That is the max lag, and it is normal on the slaves that are not waited by mediawiki. This issue has nothing to do with databases, mediawiki does what it is programmed to do: if it detects lag even if a few seconds, it disables the API (by design)- if you do not like that functionality, a specific change should be directed to the mediawiki persistance functionality maintainers, if you do not like you bot erroring out or crashing, complain to the API client application (as the response clearly tells you to retry in X seconds, but databases themselves have no issues- individual servers lag at a time and that is the way it is programmed (which to me makes sense, but I have no say on that).

Note I am not saying this bug is invalid, I am saying there is nothing broken on the databases or its hardware. For example, there is a vslow slave on each shard that lags all the time, and that is ok because it is not used for main queries (has weight 0). As you can see here, only 1 server is slower - and normally by 1 second ( https://grafana.wikimedia.org/dashboard/db/mysql-replication-lag?panelId=5&fullscreen&orgId=1&from=1492933452444&to=1493019852444&var-dc=codfw%20prometheus%2Fops ), how the application responds to that is not a database issue as that is a normal state.

Select queries do not cause lag, unless there is something so impacting that blocks all available resources (as Innodb reads never block writes)- only writes do (or blocking queries), so while the queries mentioned may be bad- lag is caused by writes- either bots writing too many rows at a time, or large write transactions. Current response of mediawiki is to put thing in read only when lots of load is detected- if that is undesired (or maybe can be tuned better)- direct your complains to MediaWiki-libs-Rdbms (not sure if that is handled by performance, platform or who?), not DBA (I think queries should only blocked if the majority of slaves are lagged, and not only when one is lagged). Replication is by design asyncronous, and lag will be existing always, unless you want us to slow down writes and write syncronously, reducing the throughput to 1/1000 to the current one (and creating even more errors).

I can tell you what I think it happens- wikidata is highly populated by bots and they create lots of traffic, and I think that causes many times stress on s5, higher than normal. A better approach rather than stopping serving all requests would be to rate-limit the bad users- but I think there is not such a technology yet (and not easy to implement). I have also seen that some job related writes are sometimes too intensive (see T163544) What I can tell you is what we as DBAs will be doing to minimize wikidata impact- we are going to give it dedicated hardware on it own separate shard and call it s8. If that will solve this issues the answer probably is no- I think this is not a bug, and I would support making it invalid- if your client detects an error, it should retry after 1 minute (or the time you are told to wait) once. The only thing I would support is to make the detection (for example, I think the lag detection code is too strict -complaining when the error is >1 second and the detection error is 1+ seconds, and I already transmitted my opinion on that) and its effects lower (like allowing more than X seconds of lag or not blocking in read only mode certain actions), but the general logic I think works as intended.

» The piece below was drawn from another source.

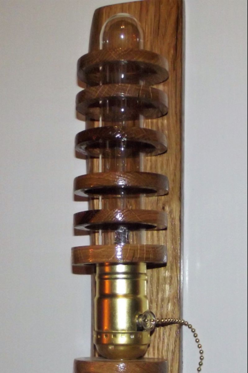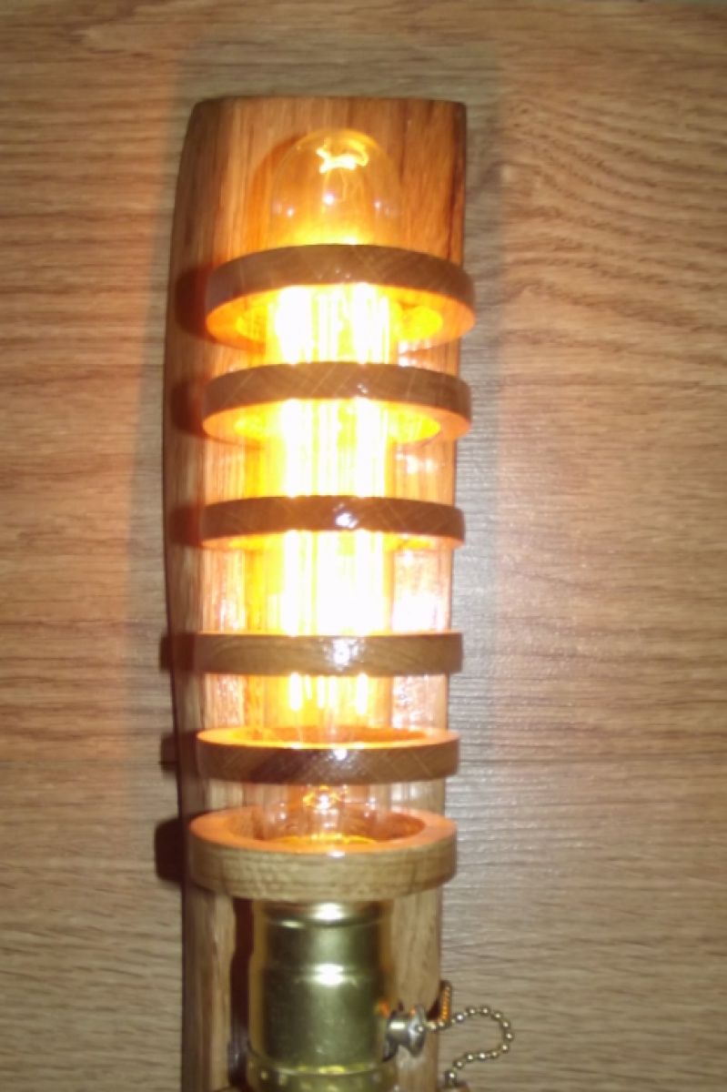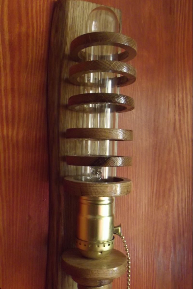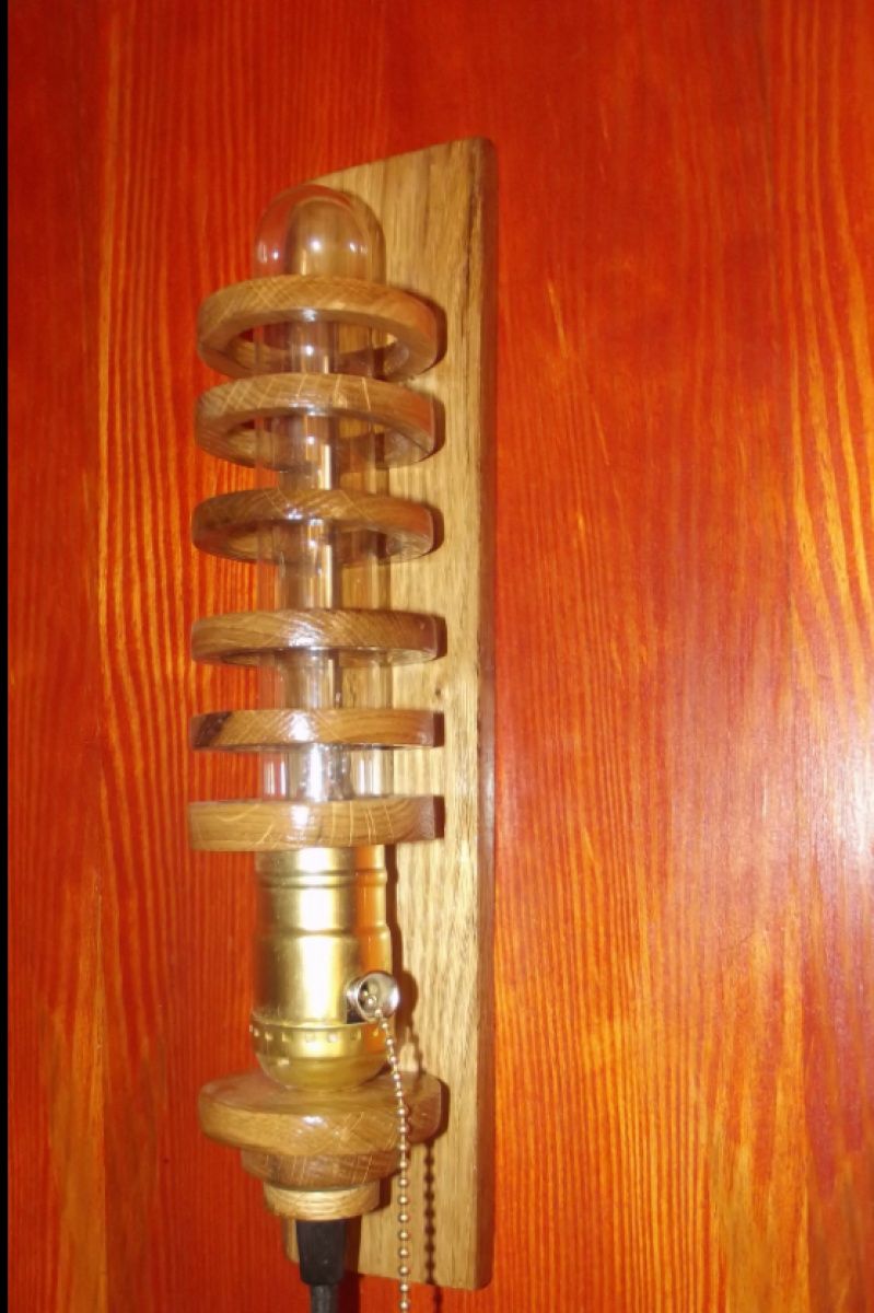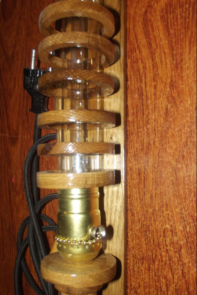 Бра ручной работы с ретро лампой. Материал - дуб, покрытие - лак глянец, патрон с выключателем, провод - черный в тканевой обмотке. Размеры: Высота - 30 см, ширина - 7 см, длина шнура питания - 2м. Патрон - алюминий под золото с зипером Ретро вилка Ретро лампа T185 - 40 Вт, температура свечения 2700 К Цвет свечения Теплая Напряжение питания 220 В Диаметр 3 см Длина 18,5 см

I agree with @jcrespo. This phab card is becoming a place for general database issues of Wikidata which are valid but I think should be addressed in another way. Overall, the load (especially the write load) needs to reduce. That can happen via several tasks that we are doing (moving wb_terms to elastic, killing entity_per_page table, using redis as lock manager instead of sql, etc.) This might solve it and might not but we will have database locks (might happen in lesser frequency but will happen) and given the size of the project, it's inevitable.

Thanks @jcrespo for you response. Task was filed because we noticed the database going read-only every once in a while and because T100123 hasn't been implemented yet, this has impact. Something might have been wrong. I'll just sum up your response as: Works as designed.

That leaves us without any actions in this task so I think it's best to just close this one. Do you agree @hoo ?

Lydia_Pintscher claimed this task.

I think so too :)

Change 349867 abandoned by Ladsgroup:
[WIP] [Code experiment] Try to select all columns from wb_terms

https://gerrit.wikimedia.org/r/349867

Change 349867 abandoned by Ladsgroup:
[WIP] [Code experiment] Try to select all columns from wb_terms

https://gerrit.wikimedia.org/r/349867

This patch was not related to this and had the incorrect bug number

Change 354246 had a related patch set uploaded (by Hoo man; owner: Hoo man):
[operations/mediawiki-config@master] Log "api-readonly" errors

https://gerrit.wikimedia.org/r/354246

Change 354246 merged by jenkins-bot:
[operations/mediawiki-config@master] Log "api-readonly" errors

https://gerrit.wikimedia.org/r/354246

Stashbot subscribed.

Mentioned in SAL (#wikimedia-operations) [2017-05-31T13:19:58Z] <hoo@tin> Synchronized wmf-config/InitialiseSettings.php: Log "api-readonly" errors (T164191, T123867) (duration: 00m 43s)